How can you improve digital transformation ROI?
Numerous other factors go into an ROI, such as depreciation, net present value and additional ancillary costs that emerge in designated years. The key is to measure baseline figures, track costs and the scheduled time frame to complete the project, and document long-term success. It's important to look for ways to improve with each new digital transformation initiative, so that business outcomes are more convincing to support the next project. The following tips can improve ROI on your digital transformation projects.
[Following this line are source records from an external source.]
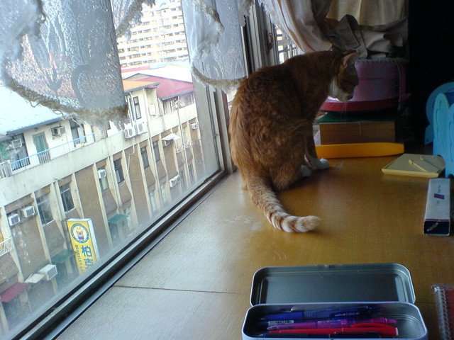 帶著鉛筆盒和課本,爬上了陽台,
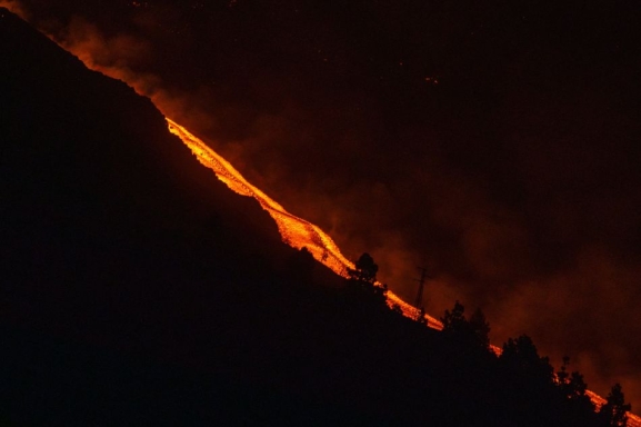 La noche transcurre sin incidentes en la zona del volcán de La Palma y la lava sigue avanzando con lentitud
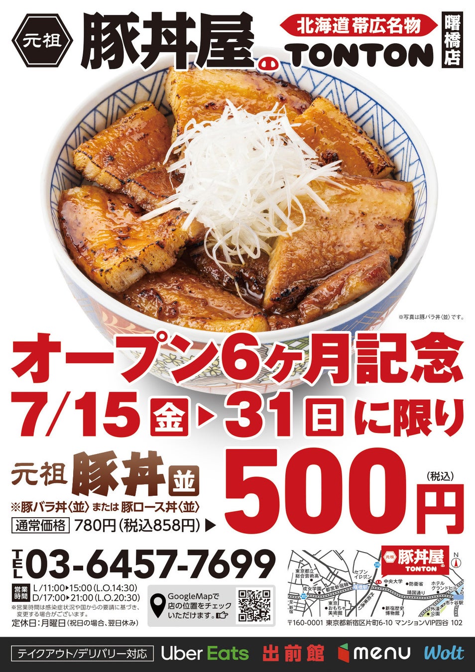 本場・北海道帯広の本場豚丼をボリュームたっぷりに味わえる「元祖豚丼屋TONTON 曙橋店」では、オープン6ヶ月を記念し、人気の「元祖豚丼(豚バラ丼・豚ロース丼)【並】」通常価格780円(税込858円)のところ、7月15日(金)〜31日(日)の期間中、限定価格500円(税込)で提供いたします。
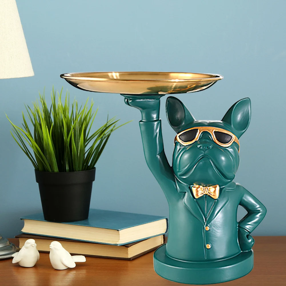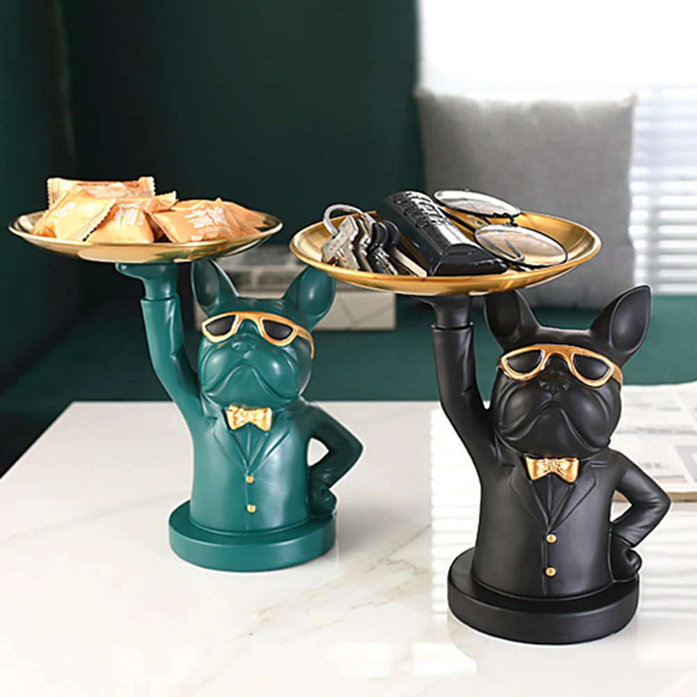 Роскошная статуэтка в скандинавском стиле из смолы, статуэтка для хранения бульдога, фруктов, закусок, конфет, поднос для ключей, тарелка для очков, скульптура, домашний декор

6. Build the ROI model ahead of time
Use estimated figures to ensure all the pertinent metrics are tracked. If you don't gather all the necessary figures early, it'll be too late by the end of the project.
7. Get the word out
One of the biggest reasons transformation projects -- along with the anticipated ROI -- don't come to fruition is employees or customers don't know there's a new technology or process that can produce benefits. Culture plays a critical role in the success or failure of digital transformation projects. When more people are affected by the transformation initiative, ROI is usually bigger.
8. Take time to plan
IT or business leaders are often in such a rush to get a project off the ground, they don't take the time to gather business unit requirements or estimate the time it takes to test applications or train people. This approach is a recipe for digital transformation failures. When time and cost estimates exceed expectations, the transformation already carries a dark cloud before the first ROI figure is reported. By planning properly and setting realistic expectations, the project will run more smoothly.
9. Evaluate technologies carefully
ROI is significantly affected by the technologies selected and implemented. Don't just select the cheapest technology to improve ROI. You may find value in spending more on an application that's easier to manage. The upfront cost will be greater, but the operational costs will be lower, and that will increase ROI over time.